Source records
^^^^^^^^^^^^^^^^
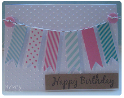 I simply stuck the tape to some white card and made some pennants and put them onto 3d foam to add dimension.
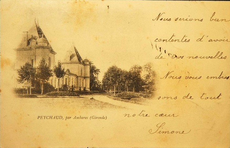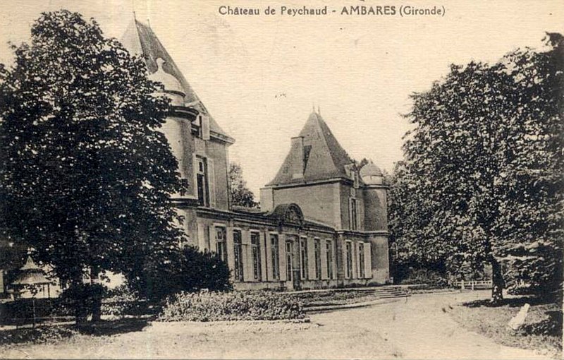 Le château de Peychaud a été bâti par le marquis de Fayet, conseiller au Parlement de Bordeaux. La seigneurie, mentionnée depuis le XVIe siècle et appartenant à la famille Fayet, a sans doute vu son ancien château reconstruit vers 1680 puis au début du XVIIIe siècle. À cette époque il se composait d'un long corps de logis en rez-de-chaussée, flanqué au nord de bâtiments agricoles qui formaient une ou deux cours aujourd'hui détruites. Pour assainir les marais du domaine, les propriétaires firent appel, à la fin du XVIIe ou au début du XVIIIe siècle, à des spécialistes hollandais du drainage; de nombreux canaux d'irrigation et de drainage subsistent encore. Le corps de logis primitif était cantonné de deux pavillons carrés couverts en pyramide; le fronton de la porte a été refait. Des tourelles rondes et les ailes de la façade d'entrée semblent être des adjonctions postérieures. Abandonné depuis la Révolution, le château a été remanié vers 1871 pour l'amiral Ch.-M. Dompierre d'Hormoy, ministre de la Marine, comme l'atteste une plaque. Lors de ces travaux, deux pavillons en rez-de-chaussée agrandirent le logis, la toiture fut modifiée, le décor refait et les dépendances agricoles reconstruites plus loin.
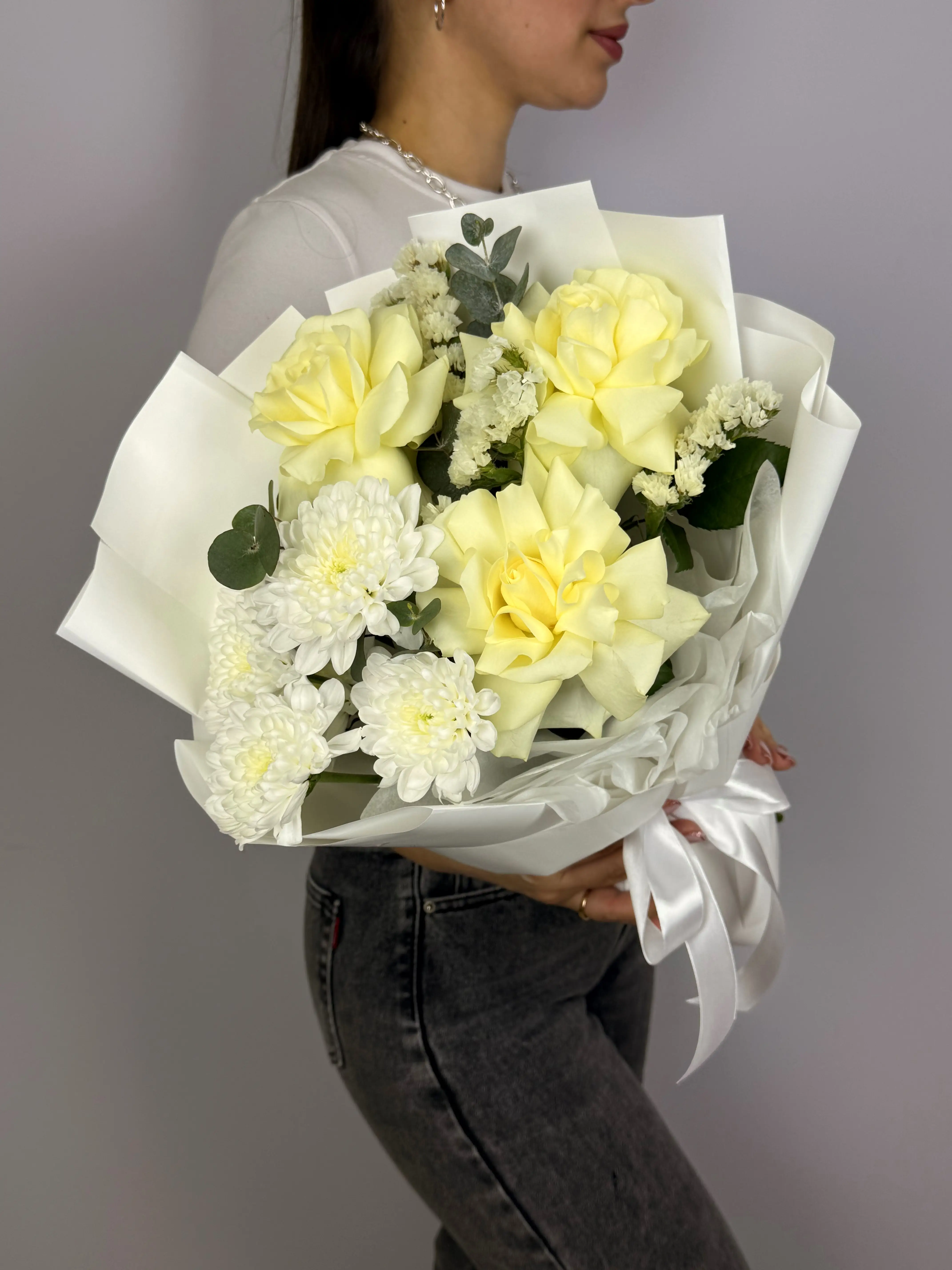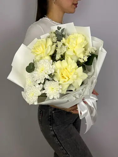 Букет из роз с хризантемой и зеленью — купить по цене от 2237 руб. с доставкой в Нижнем Новгороде
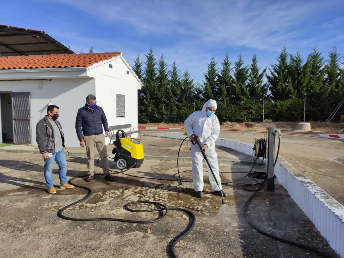 El alcalde de Coria, José Manuel García Ballestero, junto al concejal de Obras, Juan José Alcón, ha visitado las instalaciones del Centro de Desinfección de Vehículos, cuyo funcionamiento ha comenzado en el día de hoy.
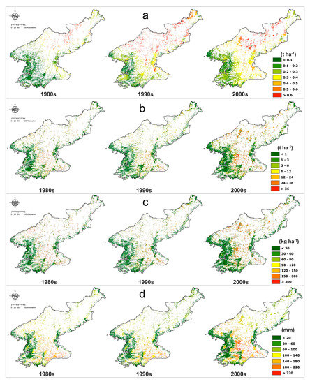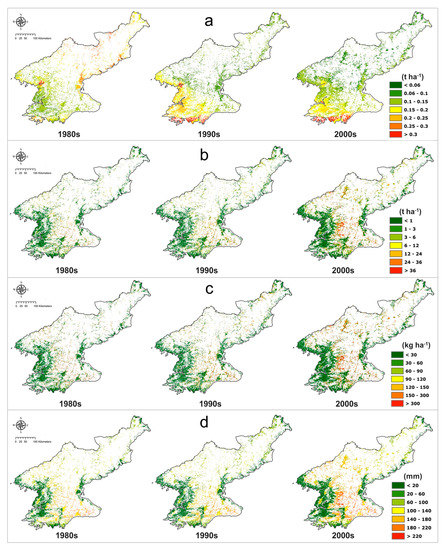 To verify the soil erosion value, existing research was reviewed. Meusburger et al. [53] estimated the soil erosion in the northern part of South Korea, adjacent to North Korea, using the 137CS method and the RUSLE. The soil erosion values of 0.9–7 t ha−1 year−1 were calculated by the 137CS method and of 0.02–5.1 t ha−1 year−1 were calculated by the RUSLE. Woo [62] estimated soil erosion of South Korea by field experiments and obtained values of 0.3–3.4 t ha−1 year−1. In this research, average estimated soil erosion of rice paddies for 30 years was 4.67 t ha−1 year−1 and that of maize croplands was 6.15 t ha−1 year−1. Considering the more complex topographical features and time series changes of land cover in North Korea compared to South Korea, the results of this research are reasonable in comparison to previous studies. Given the expectation of an increase in soil erosion caused by deforestation in North Korea, a slight overestimation is rational. Fu et al. [52] estimated that the soil erosion of agricultural fields in Washington, United States was 11.09 t ha−1 year−1. Turnage et al. [63] estimated the soil erosion of East Tennessee croplands at 2.6 t ha−1 year−1 using the RUSLE. The estimated soil erosion values in this study sound reasonable relative to other regions. Although the soil erosion amount was not directly comparable or verifiable for North Korea, the reliability of the results presented in this study was evaluated by comparing them with the findings of studies in South Korea (a neighboring country) and the United States, where the RUSLE was developed.
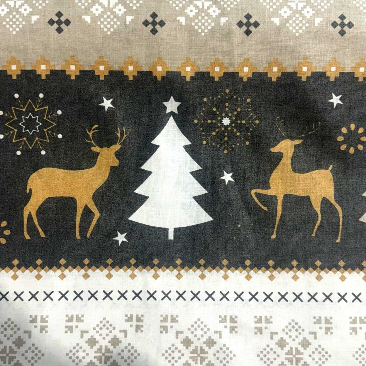 Tato látka je ideální pro ty, kteří chtějí přinést trochu vánočního kouzla do svého domova nebo do svých ručně vyráběných projektů. Přineste radost svátků do svého domova s touto nádhernou vánoční bavlněnou látkou.
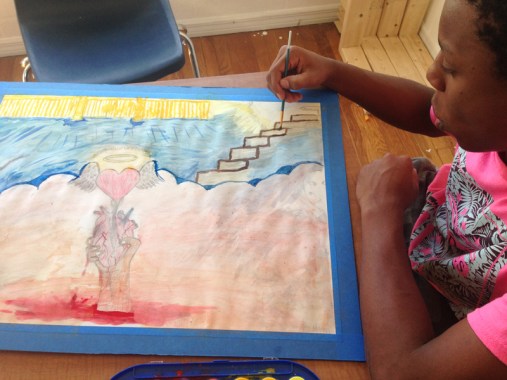 Ian working on his painting. Previous Published March 30, 2017 at 800 × 600 in Painting in the MNA Foster Youth Program Ian works on finishing a drawing using color pencil and watercolor.
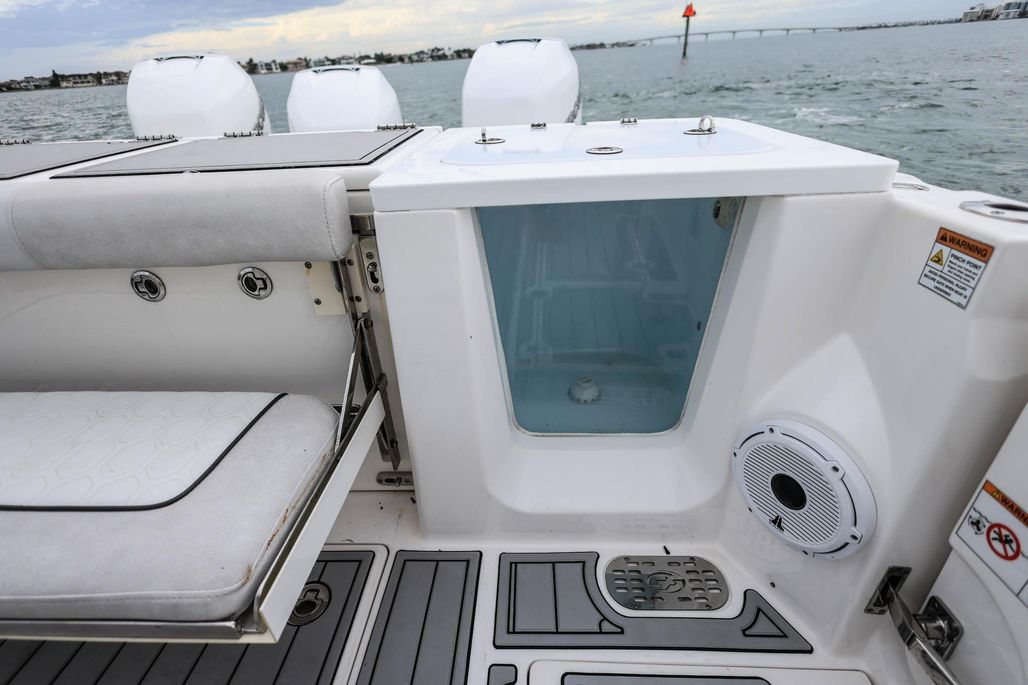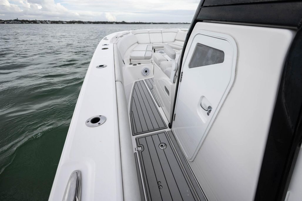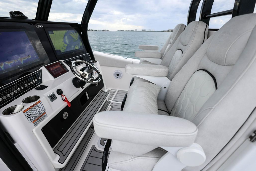 At 36’ LOA and 11’2” beam, the 368 Commander has a sharp 23 degree deadrise to handle the roughest water conditions. The 3” composite transom can hold either triple Yamaha F300 or twin F425’s. The hull has an infused lamination process and the first of its kind in the Sea Fox line up. The foam filled stringer mold is a beast with massive bonding points throughout the hull to ensure a solid ride in any weather condition.
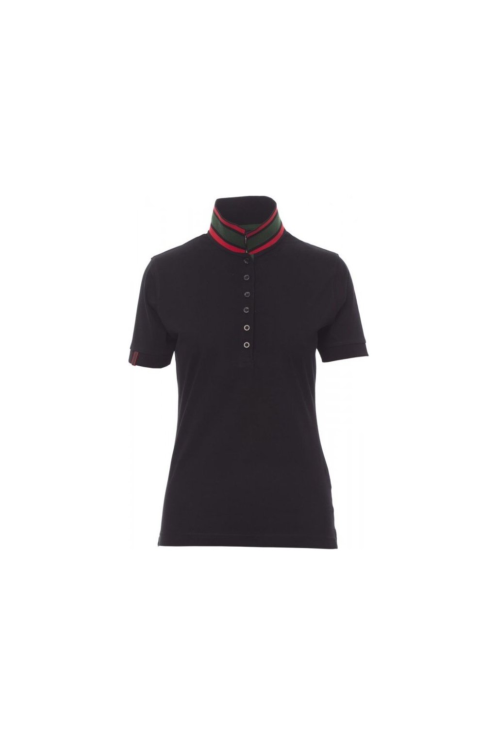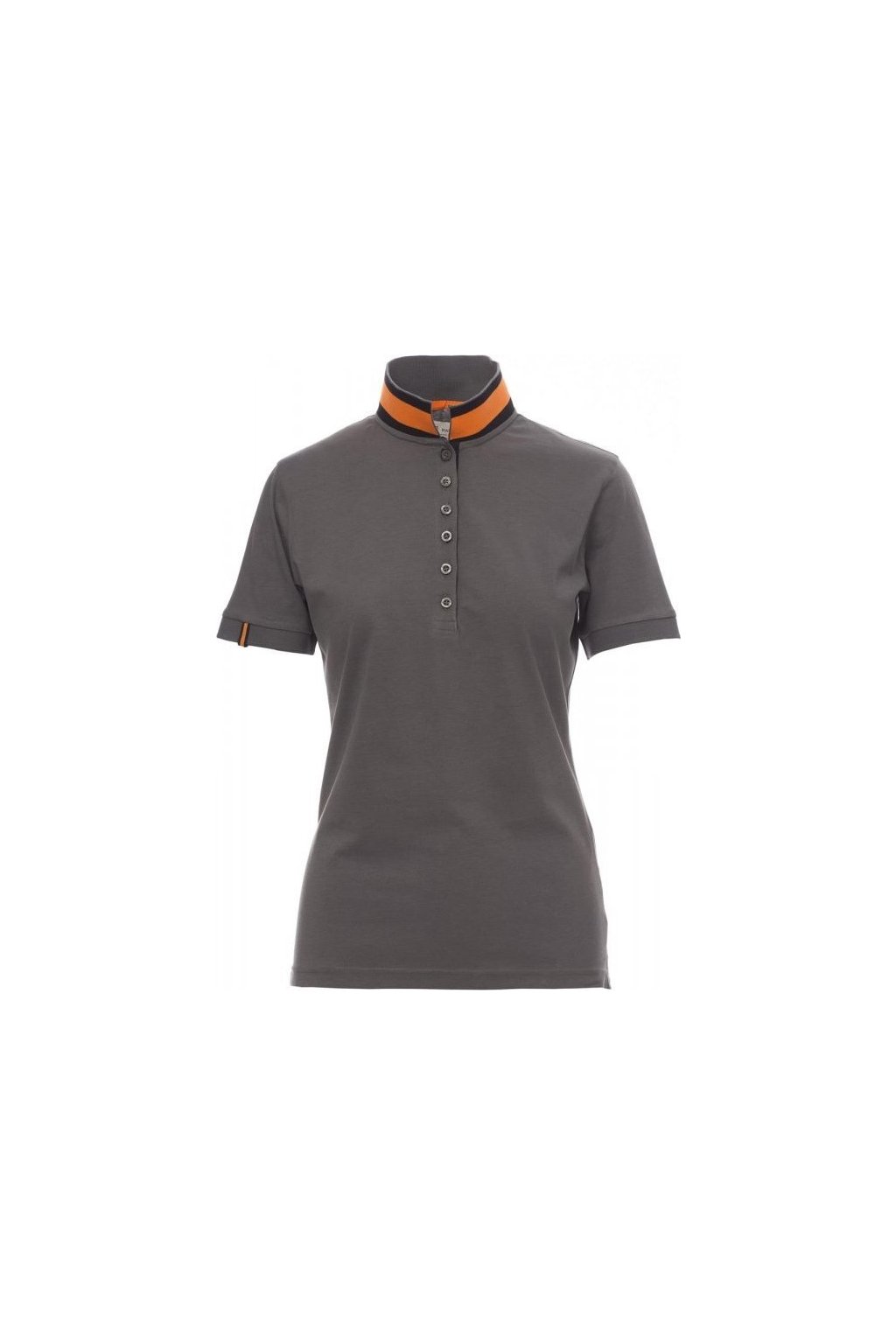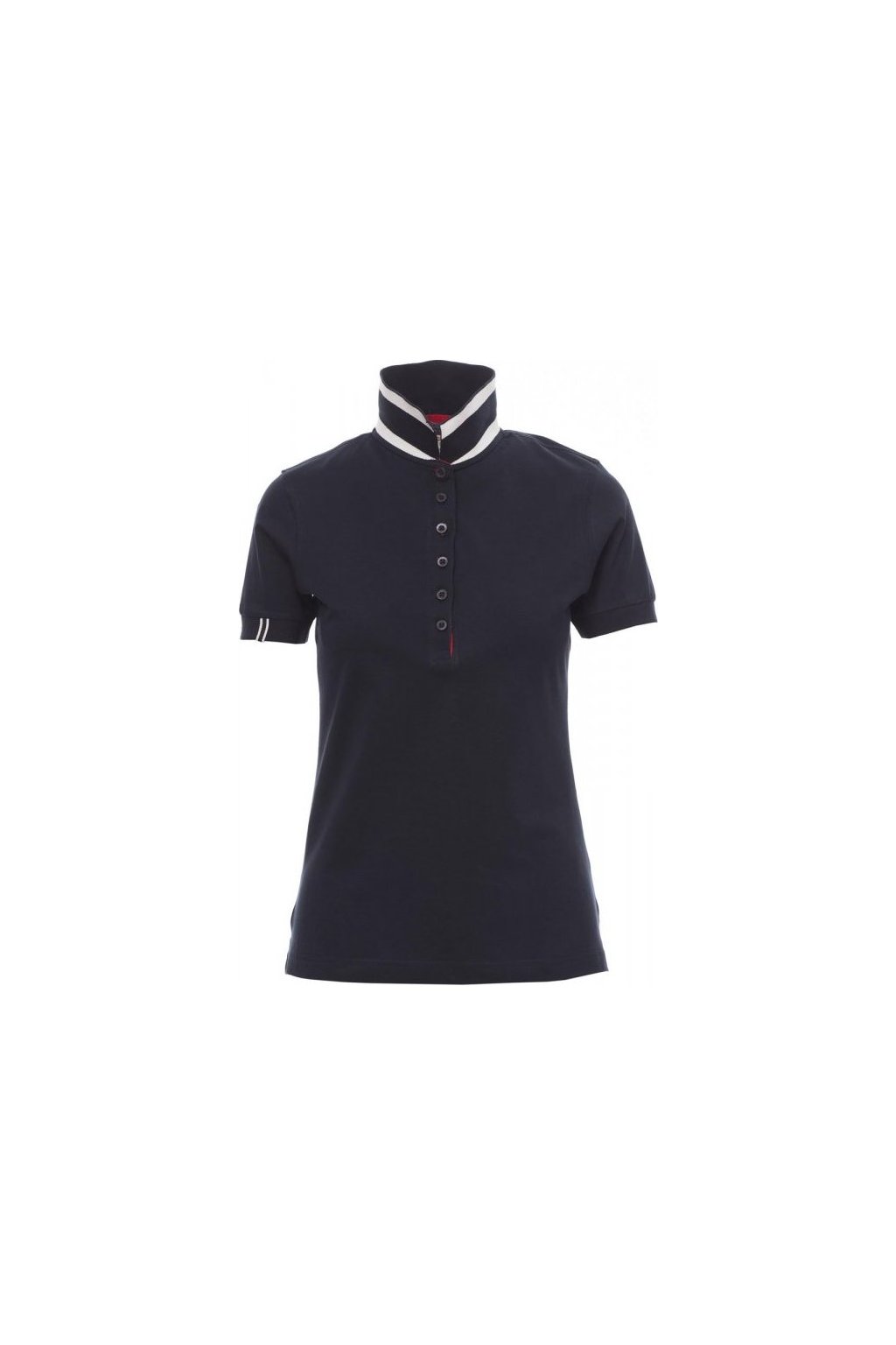 Dámská vyštíhlená polokošile s krátkým rukávem s 6 barevně sladěnými perleťovými knoflíky, barevně sladěný límeček na jedné straně, s kontrastním rubem, který je vidět pouze při zvednutí, kontrastní vnitřní knoflíková klopa a postranní rozparky, barevně lemovaný pravý rukáv ve stejné barvě jako límeček, žebrované lemy rukávů, skryté prošití límečku s kontrastní páskou, postranní vyztužovací páska, tvarovaná výztuž na spodní straně límečku.
^^^^^^^^^^^^^^^^
**INSTRUCTIONS FOR THE TASK:** Within these entries, output exactly the lines starting at the one with "Букет из роз" and finishing at the one with "To verify the". Leave pictures out of the output.

**RESULT OF THE EXERCISE:**
 Букет из роз с хризантемой и зеленью — купить по цене от 2237 руб. с доставкой в Нижнем Новгороде
 El alcalde de Coria, José Manuel García Ballestero, junto al concejal de Obras, Juan José Alcón, ha visitado las instalaciones del Centro de Desinfección de Vehículos, cuyo funcionamiento ha comenzado en el día de hoy.
 To verify the soil erosion value, existing research was reviewed. Meusburger et al. [53] estimated the soil erosion in the northern part of South Korea, adjacent to North Korea, using the 137CS method and the RUSLE. The soil erosion values of 0.9–7 t ha−1 year−1 were calculated by the 137CS method and of 0.02–5.1 t ha−1 year−1 were calculated by the RUSLE. Woo [62] estimated soil erosion of South Korea by field experiments and obtained values of 0.3–3.4 t ha−1 year−1. In this research, average estimated soil erosion of rice paddies for 30 years was 4.67 t ha−1 year−1 and that of maize croplands was 6.15 t ha−1 year−1. Considering the more complex topographical features and time series changes of land cover in North Korea compared to South Korea, the results of this research are reasonable in comparison to previous studies. Given the expectation of an increase in soil erosion caused by deforestation in North Korea, a slight overestimation is rational. Fu et al. [52] estimated that the soil erosion of agricultural fields in Washington, United States was 11.09 t ha−1 year−1. Turnage et al. [63] estimated the soil erosion of East Tennessee croplands at 2.6 t ha−1 year−1 using the RUSLE. The estimated soil erosion values in this study sound reasonable relative to other regions. Although the soil erosion amount was not directly comparable or verifiable for North Korea, the reliability of the results presented in this study was evaluated by comparing them with the findings of studies in South Korea (a neighboring country) and the United States, where the RUSLE was developed.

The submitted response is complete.